Show HN: Neural Particle Automata

80 points by esychology 15 hours ago on hackernews | 19 comments

afrodisiac | 14 hours ago

Super cool work!!! Do you think it would be possible to do something like cell division here?

[OP] esychology | 14 hours ago

Thanks! Yeah I think it should be possible though it requires making the cell division/splitting a differentiable operation. But nontheless, this is indeed a very interesting and promising direction to pursue.

treyd | 11 hours ago

If you look at the texture demo with the zeros, it looks a bit like lipid membranes merging/splitting as they stabilize more or less around a particular size.

mattdesl | 12 hours ago

This is super cool, great work. Is there a video or demo of the 3D point cloud "gaussian splat" like experiments?

[OP] esychology | 5 hours ago

sixeyes | 12 hours ago

Found it much interesting that i could mess up a pattern enough that it couldn't re-form.

Would be fun if selecting a new pattern didn't refresh the image as it is. Although maybe that's a requirement?

patcon | 11 hours ago

Agree! This reminded me of a post that tweaked my brain a few months ago :)

https://open.substack.com/pub/defenderofthebasic/p/why-does-...

Also reminds me of Dr Michael Levin's work, which is living rent free in my brain lately

[OP] esychology | 5 hours ago

Indeed! The system has good regeneration capabilities but it certainly has limits.

The particles can only grow reliably if they start from the egg-like initial condition. If we switch the rules mid rollout, we would get a messed up morphology.

Jgoauh | 11 hours ago

could something similar be used for texture synthesis ? of course the particles will need to be arranged in a grid and everything, or maybe recreate the texture by interpolating between the particles to exploit low contrast areas in the data
From the original research - self-organizing textures: https://distill.pub/selforg/2021/textures/

Jgoauh | 9 hours ago

thanks ! i feel stupid for only checking out the linked paper lol

skimmed | 10 hours ago

Can someone tell me why cellular automata are suddenly everywhere? I've seen ~10 articles regarding them in the last month.

Enginerrrd | 9 hours ago

Because the space of people interested in such things is relatively small and so a single article has knock on effects where a reader of the article or a blogger sees it and starts exploring the space and posts more about it, increasing the exposure some more.

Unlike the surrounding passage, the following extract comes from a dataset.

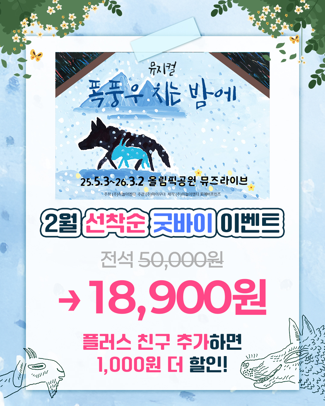 * 2/18(수) 14시 공연, 3/1(일) 11시, 14시 공연, 3/2(일) 14시 공연(막공)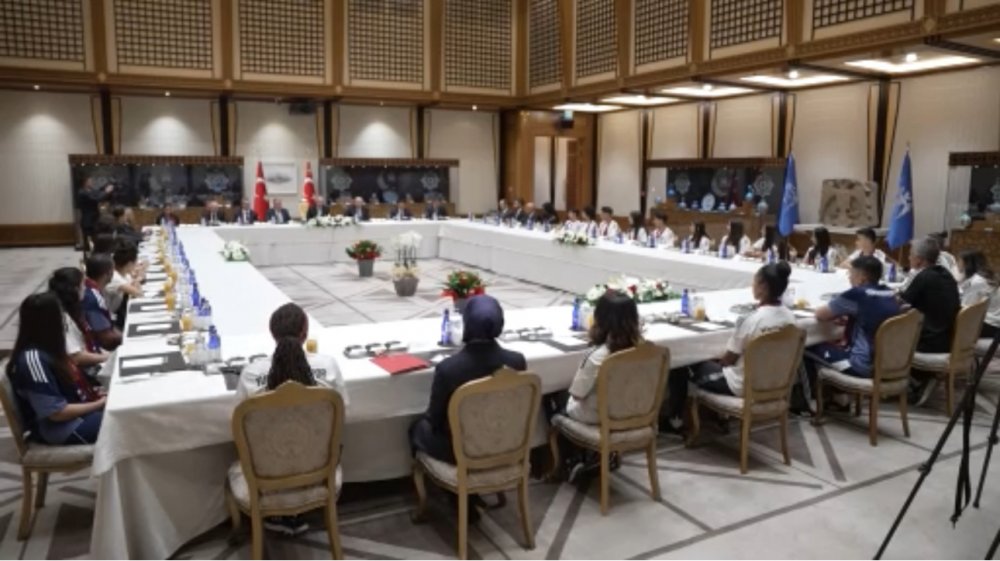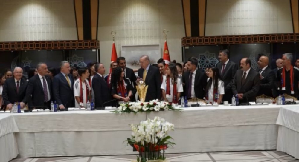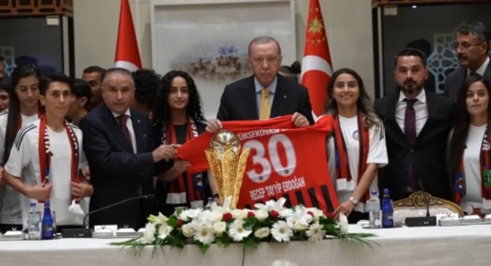 Cumhurbaşkanı Recep Tayyip Erdoğan, üst üste iki kez şampiyonluk yaşayarak (TFF) Kadın Futbol Süper Ligi'ne yükselen Yüksekovaspor Kadın Futbol Takımı'nı Cumhurbaşkanlığı Külliyesi'nde ağırladı.

soraki_soladead | 8 hours ago

Possibly because SIGGRAPH is coming up and these were papers submitted to that conference.

hamburgererror | 10 hours ago

This is the future of scientific publishing, pdf is so boring.

[OP] esychology | 5 hours ago

I really loved the distill articles. Too bad it was not continued anymore...

waerhert | 10 hours ago

On the outside it looks very similar to what Michael Levin found on electrical communication between living cells. There too, the organism's cells were able to structure and repair their larger-scale morphology: https://www.youtube.com/watch?v=XheAMrS8Q1c

meta-level | 5 hours ago

How does this relate to https://cells2pixels.github.io/ ?

[OP] esychology | 5 hours ago

In normal NCA cells are pixels and they can perceive their neighboring pixels (cells can't move). In NPA cells are particles and they can perceive all particles in a support radius around them and these particles can move freely. Does this answer your question?